Scorecard categories — what each one weighs

Category	Weight	What "A" looks like
HSTS	20	`max-age >= 31536000`, `includeSubDomains`, `preload`, served over HTTPS
CSP	25	Present with at minimum `default-src 'self'` and `script-src` directives
CORS	20	Explicit origin (not `*`), credentials only with explicit origin, scoped methods, `max-age >= 86400`
X-Frame-Options	15	`DENY` or `SAMEORIGIN`, OR CSP `frame-ancestors` directive present
Permissions-Policy	10	Opts out of unused features (camera, microphone, geolocation, payment, usb)
X-Content-Type-Options	5	`nosniff`
Referrer-Policy	5	`strict-origin-when-cross-origin` or stricter

Error codes

Code	When it fires	Recovery
`INPUT_EMPTY`	`headersRaw` empty	Paste at least one header line
`INPUT_MALFORMED`	None of the input lines parse as headers (no colons, garbage)	Verify the input is HTTP response headers, not request body

When NOT to use this tool

For HTTP/2 server-side audits (HTTP/2-specific concerns like header table size, frame priorities), this tool's surface is the wrong layer — those are wire-protocol concerns the headers don't express. Use h2spec or a dedicated HTTP/2 conformance tester.
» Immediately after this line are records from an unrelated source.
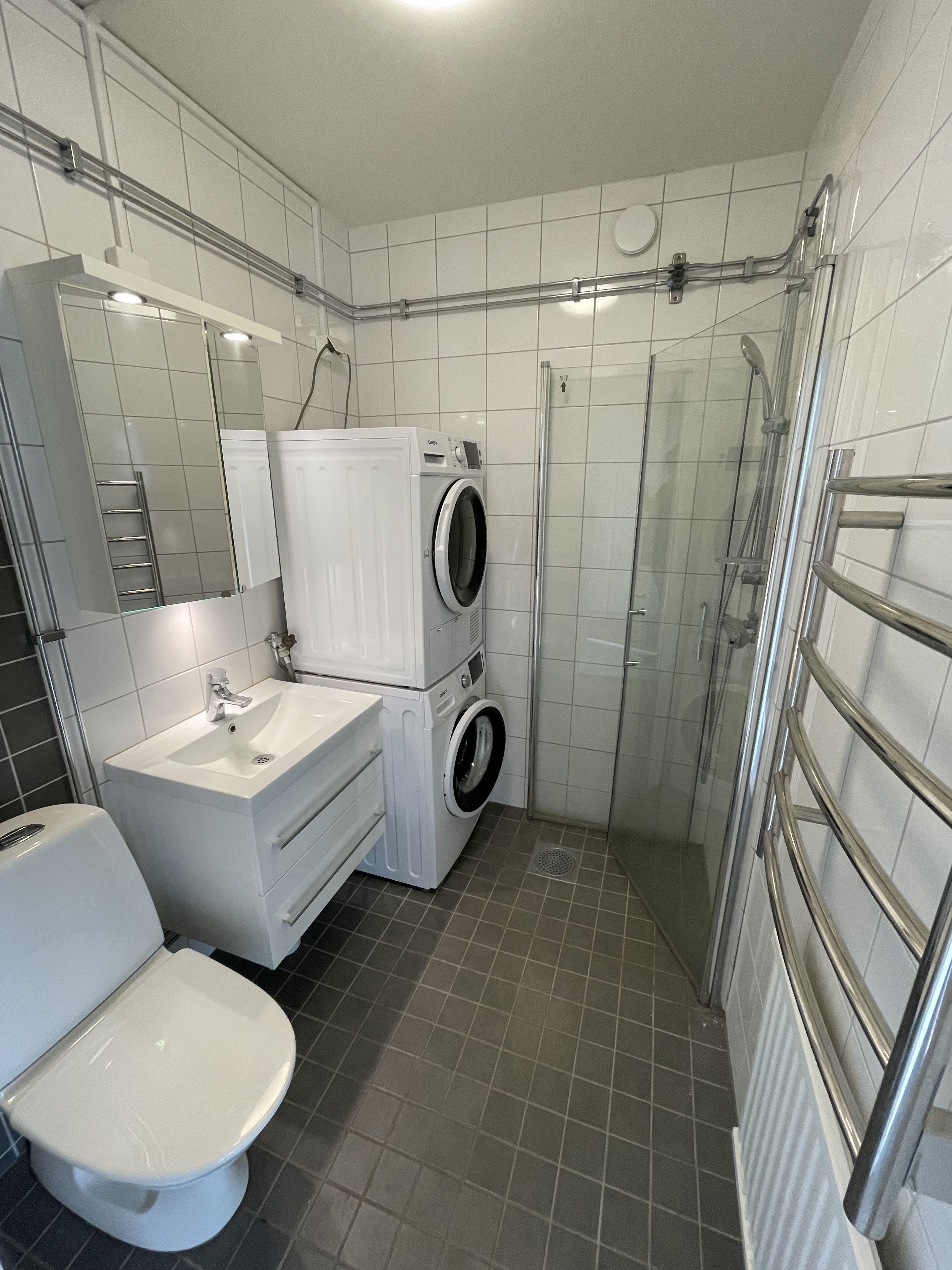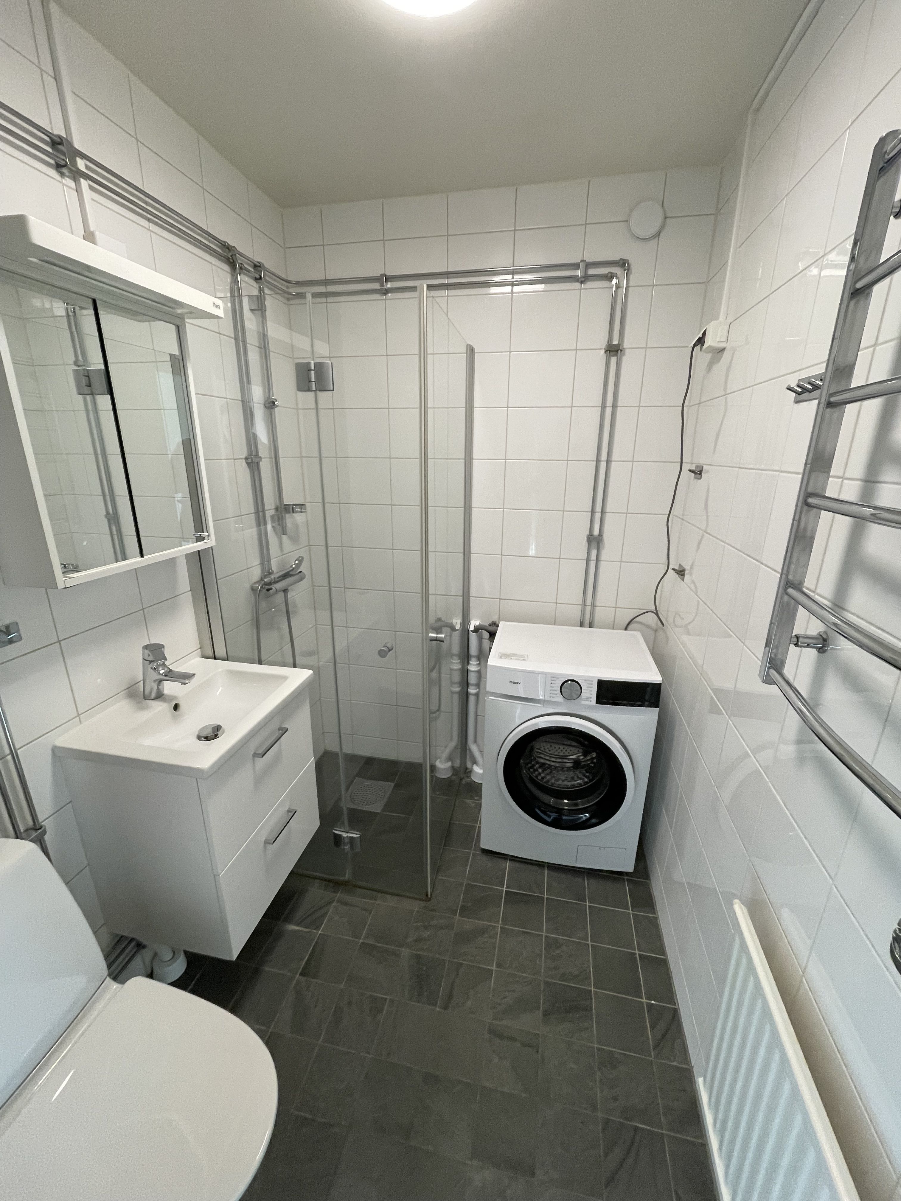 Badrummet har helrenoverats med klinkergolv och kaklade väggar, och är utrustat med duschdörrar i glas, handdukstork samt kombinerad tvätt- och torkmaskin.
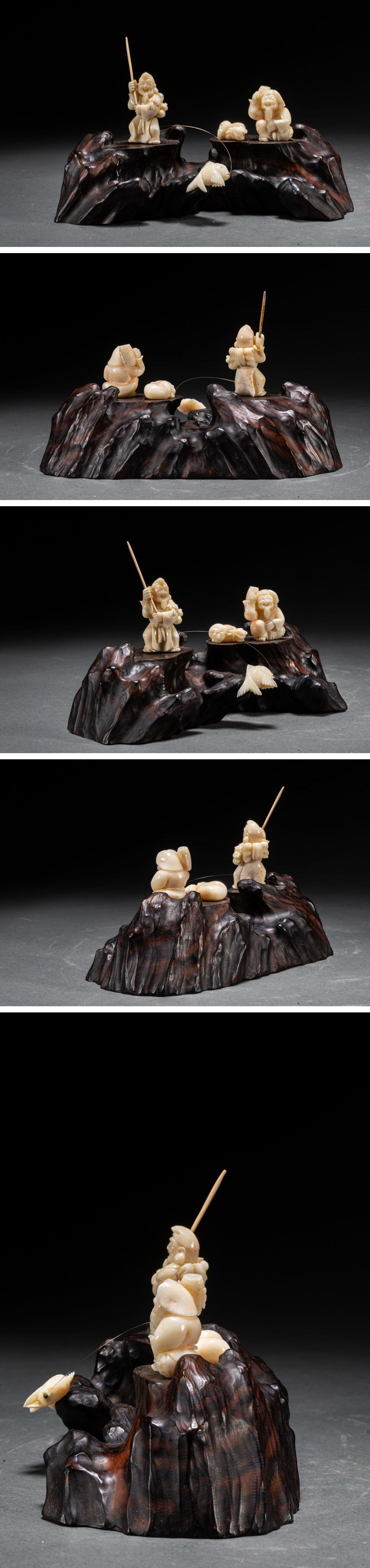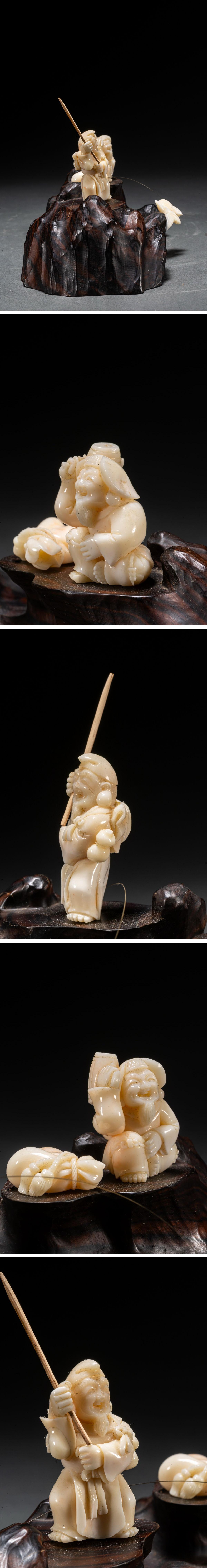 【雲錦】某有名オークション購入 時代物 紅珎材 大黒天・恵比寿造像 古置物 古美術 時代コレクション7L9-49S2
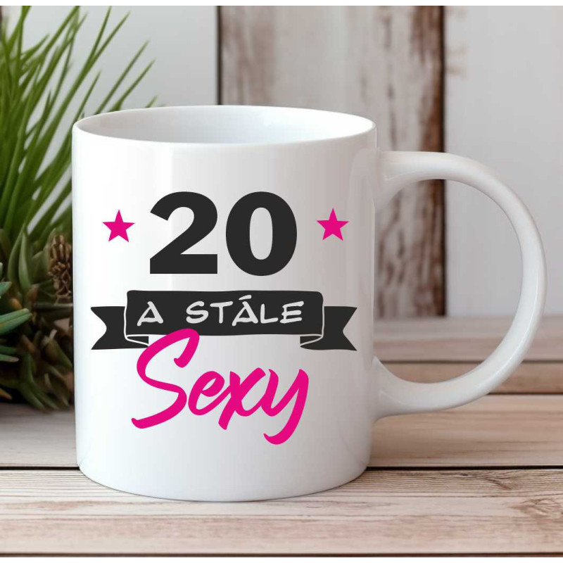 Keramický hrnek nebo matné sklo k narozeninám s potiskem 20 a stále sexy je oblíbený se zakoupením trička s tímto motivem. Originální hrneček k 20 narozeninám udělá radost a moderní design potisku bude vypadat skvěle v každé domácnosti.
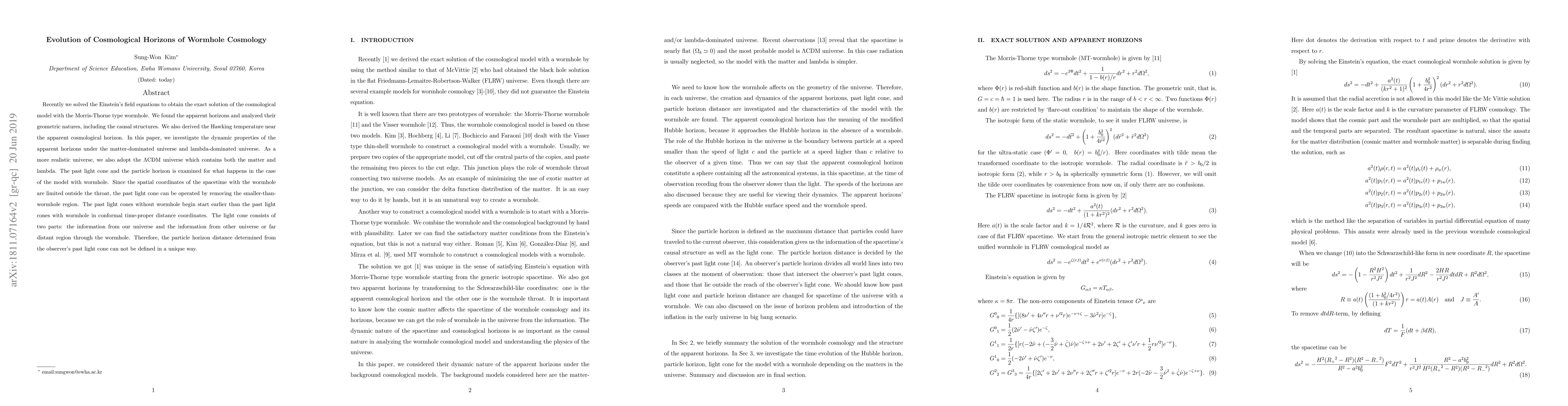 Recently we solved the Einstein's field equations to obtain the exact solution of the cosmological model with the Morris-Thorne type wormhole. We found the apparent horizons and analyzed their geometric natures, including the causal tructures. We also derived the Hawking temperature near the apparent cosmological horizon with a proper definition of the Kodama vector. In this paper, we investigate the dynamic properties of the apparent horizons according to the distribution of cosmic matter. The matter-, radiation-, and lambda-dominated universes are considered as a single component universe. As a multi-component universe, we adopt the $\Lambda$CDM universe which contains the matter and lambda. We also considered the speeds of apparent horizons and compared them with those of the universe without wormhole. The past light cone and the particle horizon is examined for what happens in the case of model with wormhole. Since the spatial coordinates of the spacetime with the wormhole are limited outside the throat, the past light cone can be operated by removing the smaller-than-wormhole region. The past light cones without wormhole begin start earlier than the past light cones with wormhole in conformal time-proper distance coordinates. The travel-through-wormhole can shows different part from normal one. Therefore, the particle horizon distance determined from the observer's past light cone can not be defined in a unique way. The case of the travel-through-wormhole can be extended into another universe or far distant causally disconnected region.

For mutual-TLS configurations and certificate-pinning audits, the headers don't expose enough. Use a TLS configuration analyser (testssl.sh, Mozilla SSL Configuration Generator, SSL Labs) against the endpoint.

For application-level vulnerability scanning (SQL injection, XSS payload reflection), this tool only audits the headers as configured — it doesn't probe the application's behaviour. Use a DAST scanner (OWASP ZAP, Burp Suite) for behaviour-level audits.

Performance notes

Typical execution: under 5ms for inputs under 5KB. The OWASP scorecard runs a fixed checklist; the per-category grade is computed in O(1) per category. The tool is deterministic — same input always produces the same grade — so REST responses are Edge-Cache eligible.

The scorecard's grading thresholds track the OWASP Secure Headers Project recommendations as of mid-2026. Recommendations update periodically; grade values may shift between tool releases. Pin the version in CI workflows where grade stability matters across builds.